**Work order:**
Images do not belong in the copy. Retype all the entries below exactly.
= = = = =
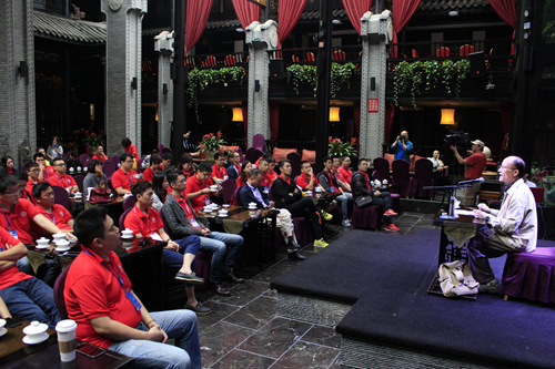 研習營一行首先參觀了武侯祠與錦里。在武侯祠,來自四川大學歷史文化學院的著名三國歷史文化專家方北辰為營員們上了一堂特殊的“商業課”。方教授以《諸葛亮出山之謎》為題,從商業運作、人才培養等角度重新解讀了“劉備三請諸葛亮”這一大家耳熟能詳的歷史故事,給營員們帶來了不一樣的三國文化體驗。方教授講完后,意猶未盡的營員們踴躍提問,與方教授熱情互動,現場掌聲、歡笑聲絡繹不絕。
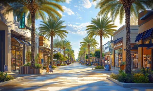 Outdoor shopping center with palm trees, shops, and a sunny ambiance, creating a warm, inviting retail environment for visitors.
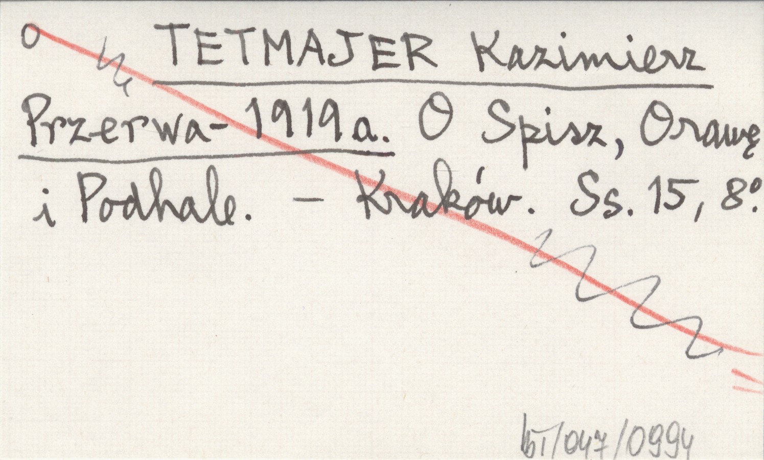 Przerwa- TETMAJER Kazimierz 1919 a O Spisz, Orawę i Podhale.
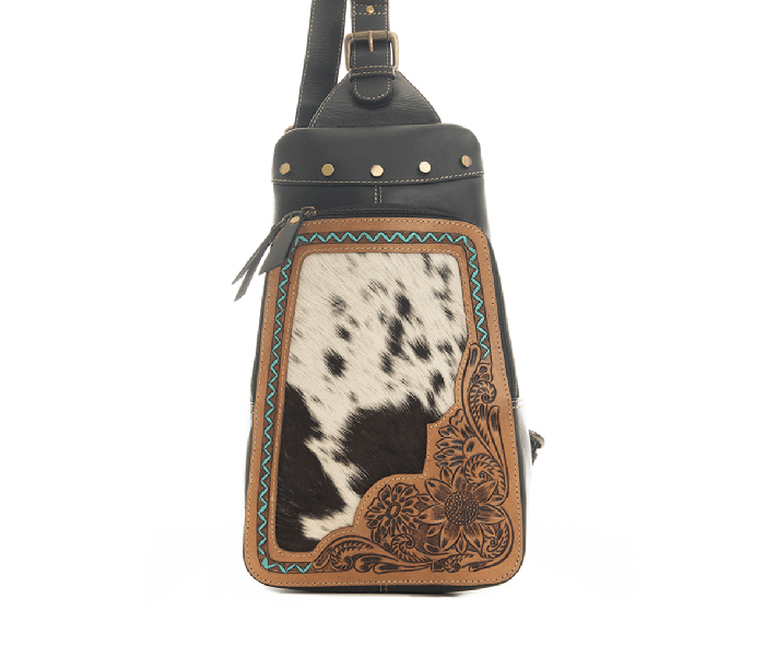 - Hand-Tooled Leather Accent: The artisanal craftsmanship showcases a stunning hair-on hide, adding a distinctive touch that sets it apart from typical sling bags.
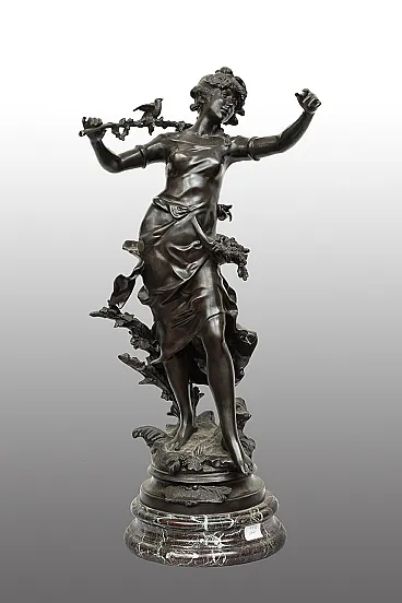 Glossy bronze sculpture Nimphe de Bois by Louis Moreau, 19th century
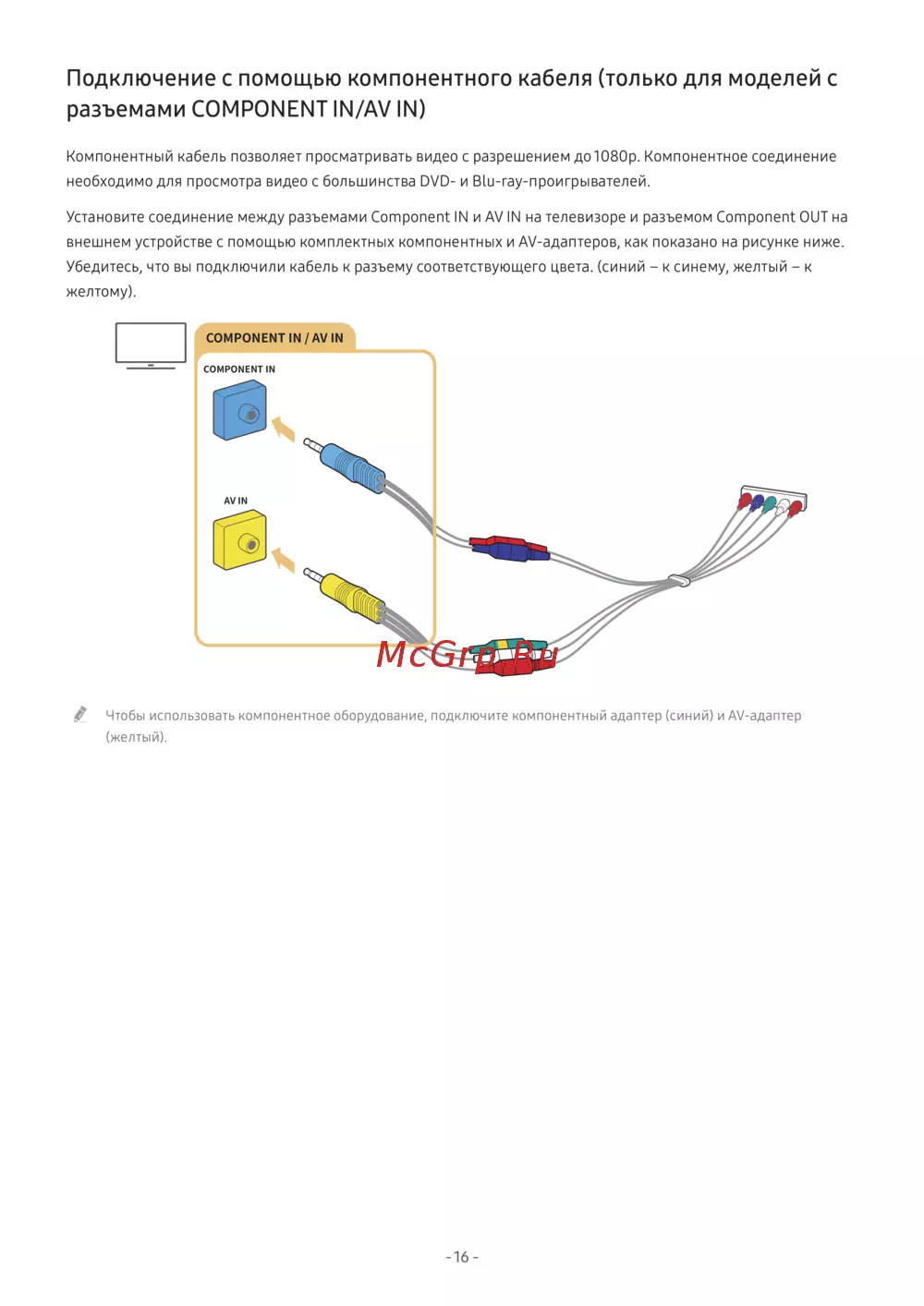 " Чтобы использовать компонентное оборудование, подключите компонентный адаптер (синий) и AV-адаптер
= = = = =
**Solved exercise:**
 研習營一行首先參觀了武侯祠與錦里。在武侯祠,來自四川大學歷史文化學院的著名三國歷史文化專家方北辰為營員們上了一堂特殊的“商業課”。方教授以《諸葛亮出山之謎》為題,從商業運作、人才培養等角度重新解讀了“劉備三請諸葛亮”這一大家耳熟能詳的歷史故事,給營員們帶來了不一樣的三國文化體驗。方教授講完后,意猶未盡的營員們踴躍提問,與方教授熱情互動,現場掌聲、歡笑聲絡繹不絕。
 Outdoor shopping center with palm trees, shops, and a sunny ambiance, creating a warm, inviting retail environment for visitors.
 Przerwa- TETMAJER Kazimierz 1919 a O Spisz, Orawę i Podhale.
 - Hand-Tooled Leather Accent: The artisanal craftsmanship showcases a stunning hair-on hide, adding a distinctive touch that sets it apart from typical sling bags.
 Glossy bronze sculpture Nimphe de Bois by Louis Moreau, 19th century
 " Чтобы использовать компонентное оборудование, подключите компонентный адаптер (синий) и AV-адаптер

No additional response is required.